*TASK INSTRUCTIONS*
Your answer must be an exact copy of the records below, with every picture left out.

*DATA RECORDS*
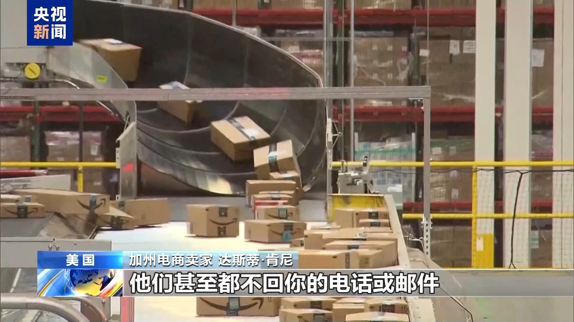 同样受打击的还有加州的电商卖家。加州北部的这个小仓库里,电商肯尼正在准备把她的产品放到亚马逊上售卖。
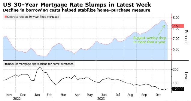 智通财经获悉,美国30年期抵押贷款平均利率上周创下一年多来最大跌幅,帮助推动购房申请出现6月初以来最大增幅。美国抵押贷款银行家协会(MBA)的数据显示,30年期固定抵押贷款合约利率下滑25个基点,至7.61%,为9月底以来的最低水平。同时,周三公布的数据显示,截至11月3日当周,该协会住房抵押贷款申请指数上升了3%。
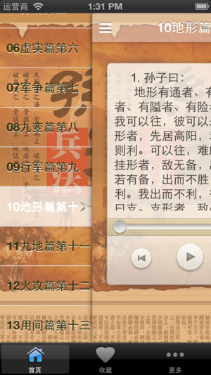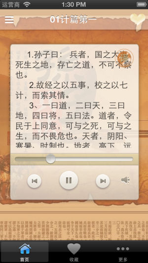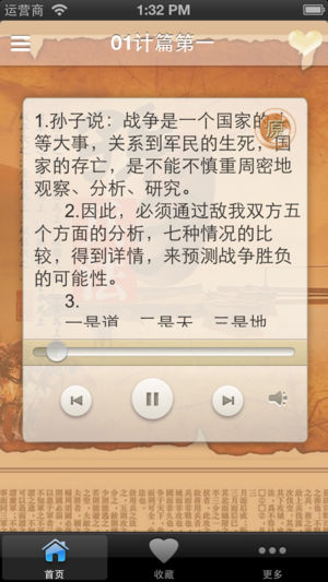【★】离线收听, 不耗流量,速度快,不用联网一样可以收听和浏览,无广告,无插件,只卖6元。 【★】支持后台播放,方便、省电 【★】支持原文、译文显示 【★★】《孙子兵法》是中国最古老、最杰出的一部兵书,历来备受推崇,研习者辈出。(孙武)以兵法见於吴王阖庐。阖庐曰:“子之十三篇,吾尽观之矣,可以小试勒兵乎?”一般称《孙子兵法》都是说有十三篇。《孙子兵法》是世界上最为著名的三大兵书之一,而且最享大名的 。 《孙子兵法》中有一句话道出了整部书的核心思想,乃“不战而屈人之兵”!讲的就是不需要战争就迫使敌人屈服。以下是《孙子兵法》全部内容的主要归纳: 《始计篇》第一、讲的是庙算,即出兵前在庙…
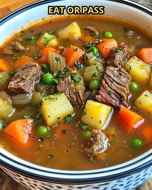 Vegetable Beef Soup is a hearty and comforting dish, featuring tender chunks of beef, a medley of fresh vegetables, and a flavorful broth. It’s perfect for a warming meal on a cold day or as a nourishing option for feeding a crowd.
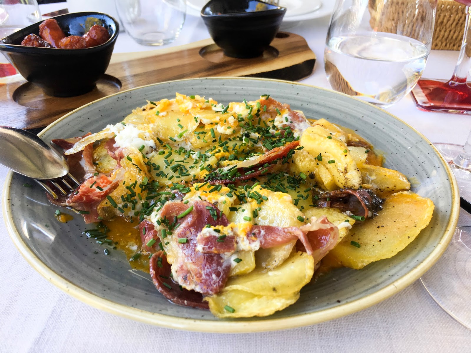 En la carta predominan los platos a la parrilla, y eso se nota en los barrotes de hierro negro que revisten el edificio, sin embargo nosotros elegimos para compartir croquetas al humor del cocinero, huevos rotos trufados con jamón ibérico, y unas setas fuera de carta.

*ANSWER BOX*
 同样受打击的还有加州的电商卖家。加州北部的这个小仓库里,电商肯尼正在准备把她的产品放到亚马逊上售卖。
 智通财经获悉,美国30年期抵押贷款平均利率上周创下一年多来最大跌幅,帮助推动购房申请出现6月初以来最大增幅。美国抵押贷款银行家协会(MBA)的数据显示,30年期固定抵押贷款合约利率下滑25个基点,至7.61%,为9月底以来的最低水平。同时,周三公布的数据显示,截至11月3日当周,该协会住房抵押贷款申请指数上升了3%。
【★】离线收听, 不耗流量,速度快,不用联网一样可以收听和浏览,无广告,无插件,只卖6元。 【★】支持后台播放,方便、省电 【★】支持原文、译文显示 【★★】《孙子兵法》是中国最古老、最杰出的一部兵书,历来备受推崇,研习者辈出。(孙武)以兵法见於吴王阖庐。阖庐曰:“子之十三篇,吾尽观之矣,可以小试勒兵乎?”一般称《孙子兵法》都是说有十三篇。《孙子兵法》是世界上最为著名的三大兵书之一,而且最享大名的 。 《孙子兵法》中有一句话道出了整部书的核心思想,乃“不战而屈人之兵”!讲的就是不需要战争就迫使敌人屈服。以下是《孙子兵法》全部内容的主要归纳: 《始计篇》第一、讲的是庙算,即出兵前在庙…
 Vegetable Beef Soup is a hearty and comforting dish, featuring tender chunks of beef, a medley of fresh vegetables, and a flavorful broth. It’s perfect for a warming meal on a cold day or as a nourishing option for feeding a crowd.
 En la carta predominan los platos a la parrilla, y eso se nota en los barrotes de hierro negro que revisten el edificio, sin embargo nosotros elegimos para compartir croquetas al humor del cocinero, huevos rotos trufados con jamón ibérico, y unas setas fuera de carta.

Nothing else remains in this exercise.